Use the indexer troubleshooting checks before starting a reindex. Those checks help operators distinguish normal read-model lag from RPC failure, missing contract discovery, reorg recovery, or active reindex work.

Use Observability for deployment-level metrics, logs, and traces when the observability chart is enabled. Observability helps explain why the indexer is lagging; the indexed database and blockchain monitoring surfaces show what state DALP is currently serving.

Before requesting a reindex

A reindex is a controlled rebuild of indexed read models. It is not the first response to every missing dashboard row.

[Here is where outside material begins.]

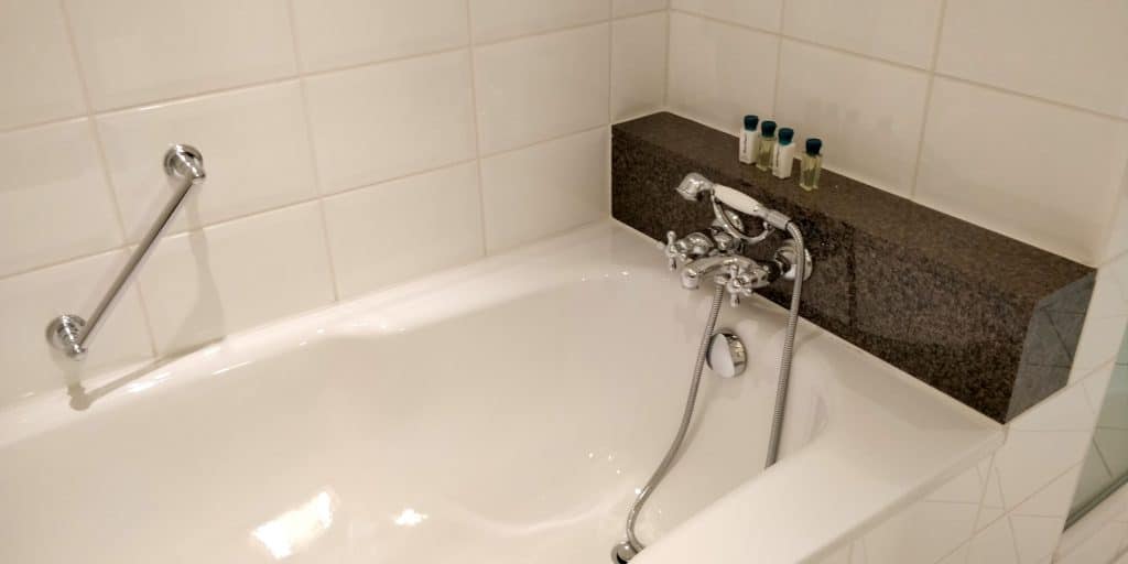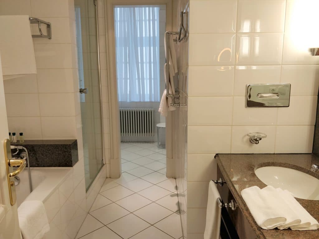 Überraschend hell ist dafür allerdings das Badezimmer, das mit einem eigenen Fenster daherkommt, von dem man sogar ebenfalls einen netten Blick hat. Zu finden ist das Fenster am Ende des Bades in dem gesondert abgetrennten Bereich für die Toilette und das Bidet. Das davor gelegene und langgezogene Badezimmer hat bei mir ebenfalls einen positiven Eindruck hinterlassen.

Check the live signals first:

  1. Confirm the transaction succeeded on the EVM network and emitted an event that DALP supports.
  2. Check whether the indexer's processed checkpoint has reached that transaction block.
  3. Check whether the contract is registered for indexing and whether pending or backfilling work remains.
  4. Check RPC health and chain-head freshness when checkpoints stop moving.
  5. Request reindexing only when the current read model needs to be rebuilt, not when the indexer is simply behind and still catching up.

The reindex endpoint accepts a chain ID and acknowledges that the request was accepted. A conflict means another reindex is already in progress. Operators should keep watching deployment state, pending backfill, and block lag until the rebuilt schema becomes the served read model.

What the indexer covers

The Chain Indexer does not change EVM finality, provide an external proof of reserve, or guarantee an RPC provider's availability.

It turns supported chain events into DALP read models. Operators use those models and related signals to understand freshness, lag, reorg recovery, and reindex progress.

The indexer does not index arbitrary contracts by default. DALP handlers process known contract types and events registered through the platform's discovery and handler registry.

External bridges, non-EVM networks, custody-provider records, and off-chain reserve evidence need their own integration or evidence source.